WHAT YOU HAVE TO DO: In the material below, find the line with "عام طور پر شادیوں" and the line with "Button cross necklace". Output exactly those two lines and all lines between them, leaving out pictures.
*** Opening of GIVEN DATA ***
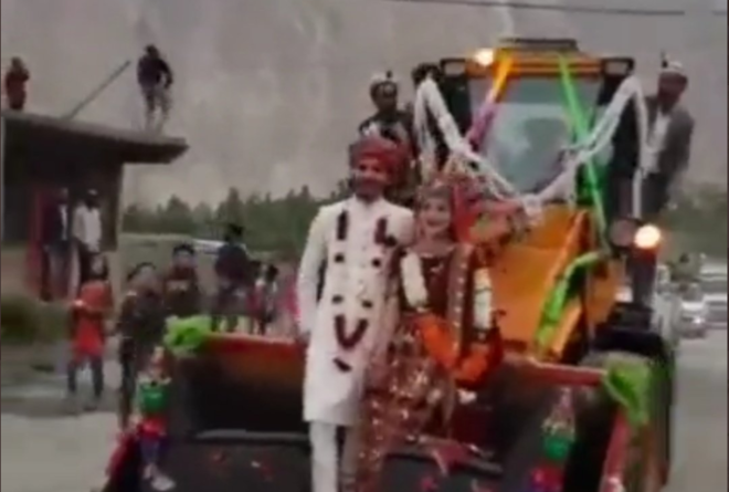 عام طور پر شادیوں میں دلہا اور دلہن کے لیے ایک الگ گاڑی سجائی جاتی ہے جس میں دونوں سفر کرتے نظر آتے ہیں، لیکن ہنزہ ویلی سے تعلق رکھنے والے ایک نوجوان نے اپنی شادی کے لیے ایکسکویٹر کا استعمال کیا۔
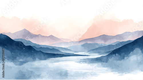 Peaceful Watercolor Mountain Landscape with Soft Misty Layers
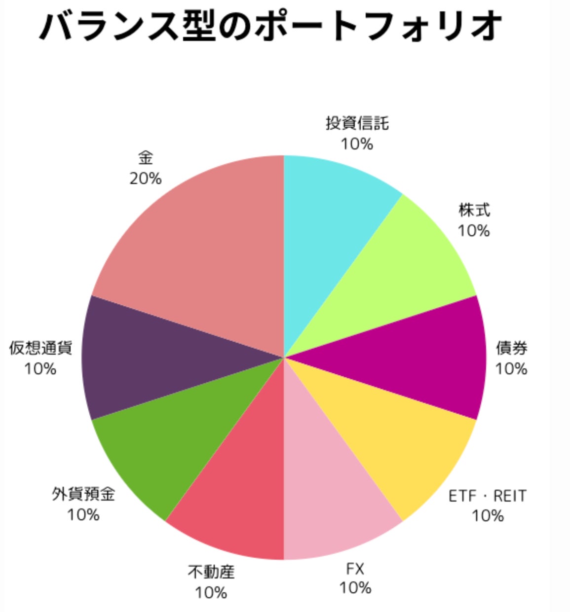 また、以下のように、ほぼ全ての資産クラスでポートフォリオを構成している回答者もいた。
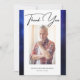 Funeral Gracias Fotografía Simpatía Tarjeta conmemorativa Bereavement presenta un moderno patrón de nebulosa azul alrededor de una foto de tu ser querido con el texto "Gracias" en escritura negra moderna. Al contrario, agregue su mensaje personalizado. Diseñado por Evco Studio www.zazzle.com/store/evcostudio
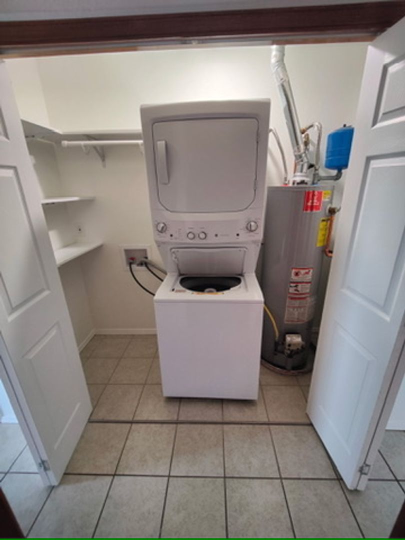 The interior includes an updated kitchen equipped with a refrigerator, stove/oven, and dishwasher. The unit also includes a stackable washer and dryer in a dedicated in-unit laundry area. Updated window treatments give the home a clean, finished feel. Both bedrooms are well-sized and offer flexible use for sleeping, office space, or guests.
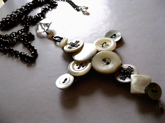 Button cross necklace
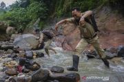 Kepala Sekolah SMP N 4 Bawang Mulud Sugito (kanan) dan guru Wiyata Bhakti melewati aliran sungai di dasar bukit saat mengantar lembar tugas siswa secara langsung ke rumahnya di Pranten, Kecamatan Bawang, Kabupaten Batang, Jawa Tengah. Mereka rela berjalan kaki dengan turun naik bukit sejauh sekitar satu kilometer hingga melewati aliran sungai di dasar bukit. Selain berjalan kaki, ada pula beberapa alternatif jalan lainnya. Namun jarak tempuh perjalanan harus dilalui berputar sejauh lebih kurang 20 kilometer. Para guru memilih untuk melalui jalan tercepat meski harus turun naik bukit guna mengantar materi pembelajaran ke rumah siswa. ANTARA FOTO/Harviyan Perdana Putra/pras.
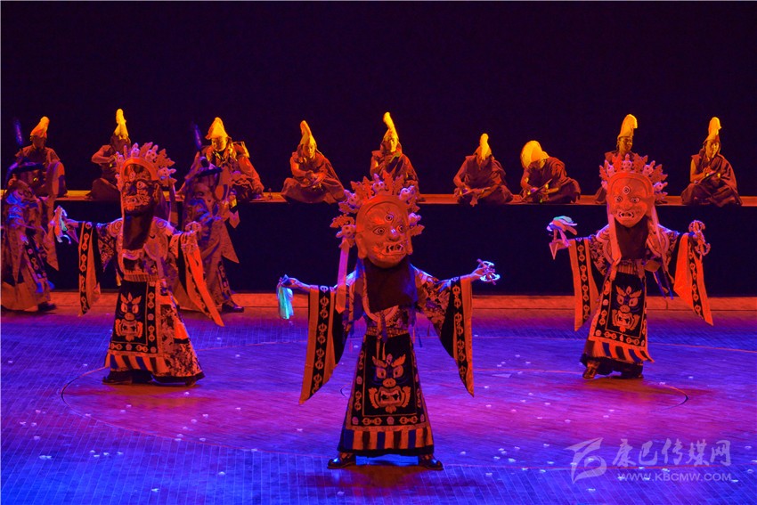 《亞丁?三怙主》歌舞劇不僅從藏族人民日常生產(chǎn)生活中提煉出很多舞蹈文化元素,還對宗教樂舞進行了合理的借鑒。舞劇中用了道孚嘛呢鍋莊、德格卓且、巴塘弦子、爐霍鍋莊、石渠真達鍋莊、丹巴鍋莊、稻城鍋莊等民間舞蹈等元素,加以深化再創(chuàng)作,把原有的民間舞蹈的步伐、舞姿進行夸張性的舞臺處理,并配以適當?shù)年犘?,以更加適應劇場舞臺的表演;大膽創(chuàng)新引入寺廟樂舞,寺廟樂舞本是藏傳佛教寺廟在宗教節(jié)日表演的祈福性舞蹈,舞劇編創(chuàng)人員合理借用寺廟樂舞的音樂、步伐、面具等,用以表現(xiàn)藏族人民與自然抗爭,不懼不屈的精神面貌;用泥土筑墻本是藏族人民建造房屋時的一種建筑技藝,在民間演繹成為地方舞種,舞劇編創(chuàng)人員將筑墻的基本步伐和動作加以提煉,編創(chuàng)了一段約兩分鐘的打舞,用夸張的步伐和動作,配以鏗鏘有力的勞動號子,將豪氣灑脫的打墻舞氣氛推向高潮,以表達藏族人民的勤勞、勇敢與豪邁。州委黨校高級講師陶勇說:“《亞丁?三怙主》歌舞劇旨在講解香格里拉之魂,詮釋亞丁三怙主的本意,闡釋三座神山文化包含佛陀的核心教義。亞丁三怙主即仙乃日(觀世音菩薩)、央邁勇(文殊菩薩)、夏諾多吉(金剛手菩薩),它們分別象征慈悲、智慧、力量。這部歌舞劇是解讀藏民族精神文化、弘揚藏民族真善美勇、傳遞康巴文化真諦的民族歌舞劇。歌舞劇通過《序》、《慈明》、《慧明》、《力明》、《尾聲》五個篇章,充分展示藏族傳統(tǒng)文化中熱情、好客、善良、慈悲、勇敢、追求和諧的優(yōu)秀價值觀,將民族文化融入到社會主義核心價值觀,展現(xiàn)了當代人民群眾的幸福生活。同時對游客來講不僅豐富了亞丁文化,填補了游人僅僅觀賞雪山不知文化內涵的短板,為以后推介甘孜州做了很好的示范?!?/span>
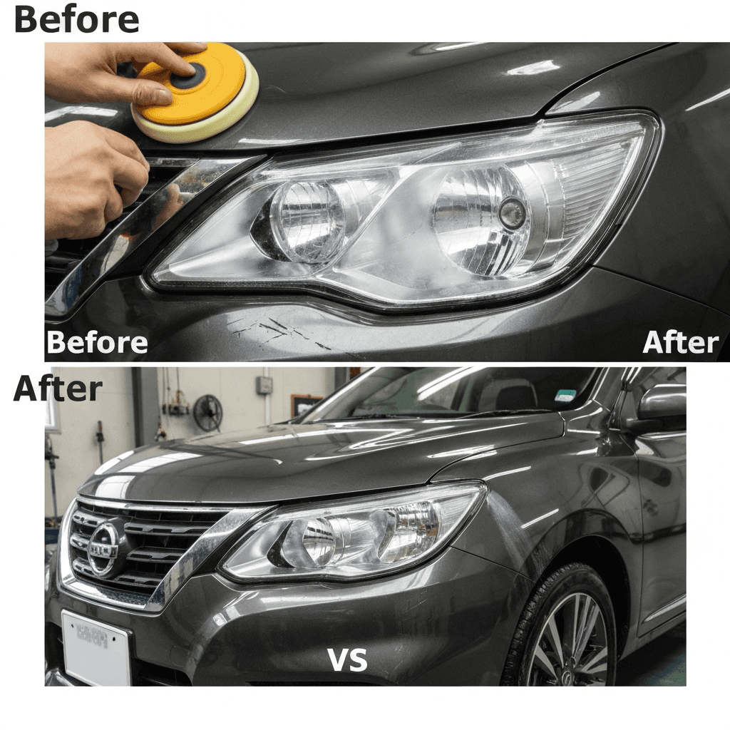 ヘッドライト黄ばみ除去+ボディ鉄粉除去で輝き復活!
*** Close of GIVEN DATA ***
*** Opening of GIVEN DATA ***
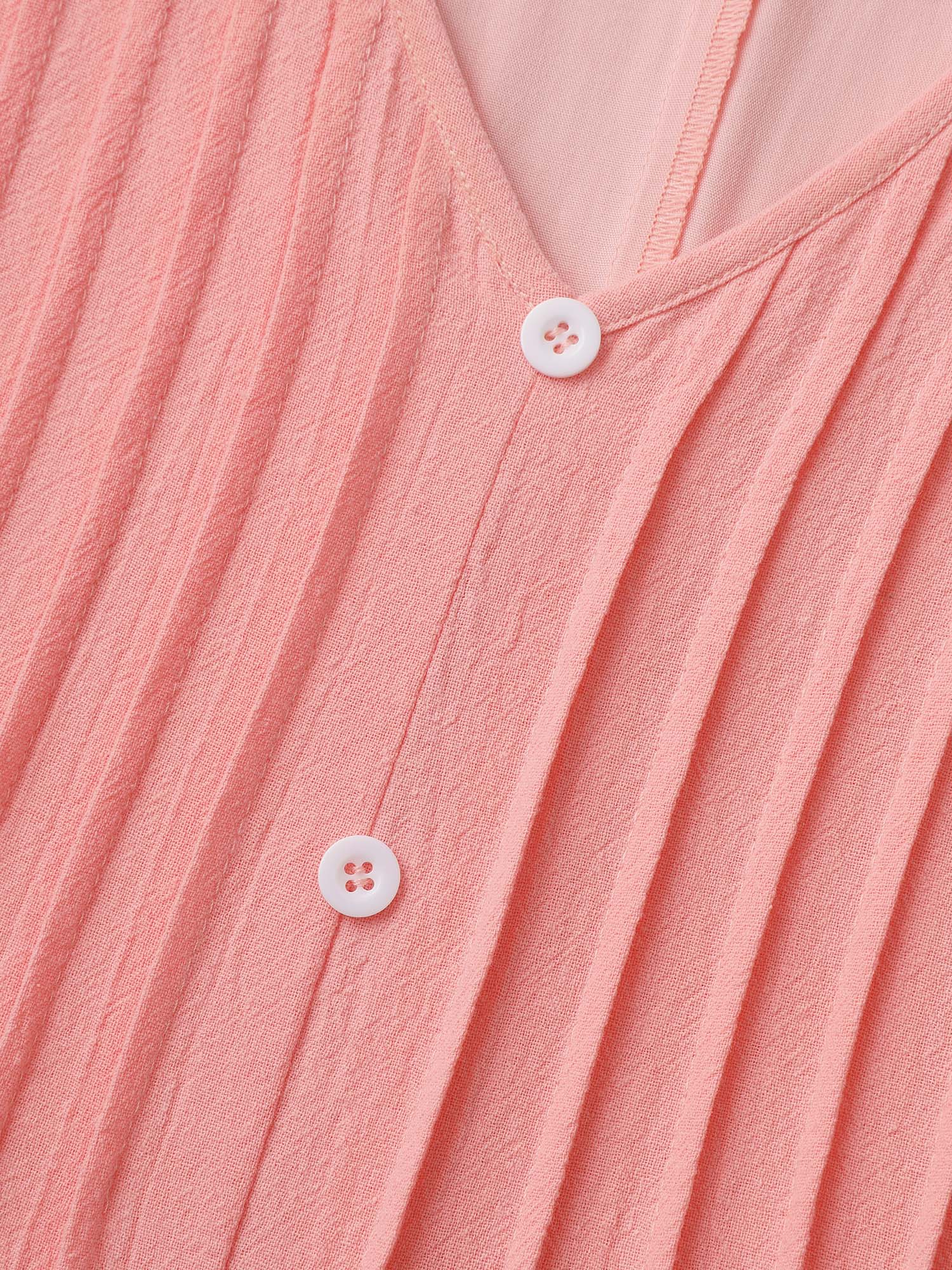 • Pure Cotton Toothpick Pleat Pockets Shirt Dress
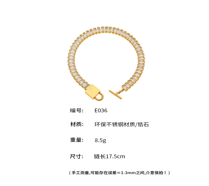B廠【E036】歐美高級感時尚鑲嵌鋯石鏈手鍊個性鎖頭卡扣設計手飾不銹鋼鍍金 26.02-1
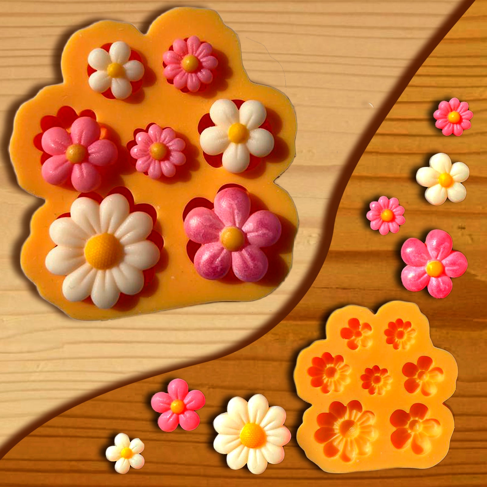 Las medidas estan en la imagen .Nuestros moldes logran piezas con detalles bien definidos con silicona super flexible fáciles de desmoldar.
*** Close of GIVEN DATA ***
SOLUTION BELOW:
 عام طور پر شادیوں میں دلہا اور دلہن کے لیے ایک الگ گاڑی سجائی جاتی ہے جس میں دونوں سفر کرتے نظر آتے ہیں، لیکن ہنزہ ویلی سے تعلق رکھنے والے ایک نوجوان نے اپنی شادی کے لیے ایکسکویٹر کا استعمال کیا۔
 Peaceful Watercolor Mountain Landscape with Soft Misty Layers
 また、以下のように、ほぼ全ての資産クラスでポートフォリオを構成している回答者もいた。
 Funeral Gracias Fotografía Simpatía Tarjeta conmemorativa Bereavement presenta un moderno patrón de nebulosa azul alrededor de una foto de tu ser querido con el texto "Gracias" en escritura negra moderna. Al contrario, agregue su mensaje personalizado. Diseñado por Evco Studio www.zazzle.com/store/evcostudio
 The interior includes an updated kitchen equipped with a refrigerator, stove/oven, and dishwasher. The unit also includes a stackable washer and dryer in a dedicated in-unit laundry area. Updated window treatments give the home a clean, finished feel. Both bedrooms are well-sized and offer flexible use for sleeping, office space, or guests.
 Button cross necklace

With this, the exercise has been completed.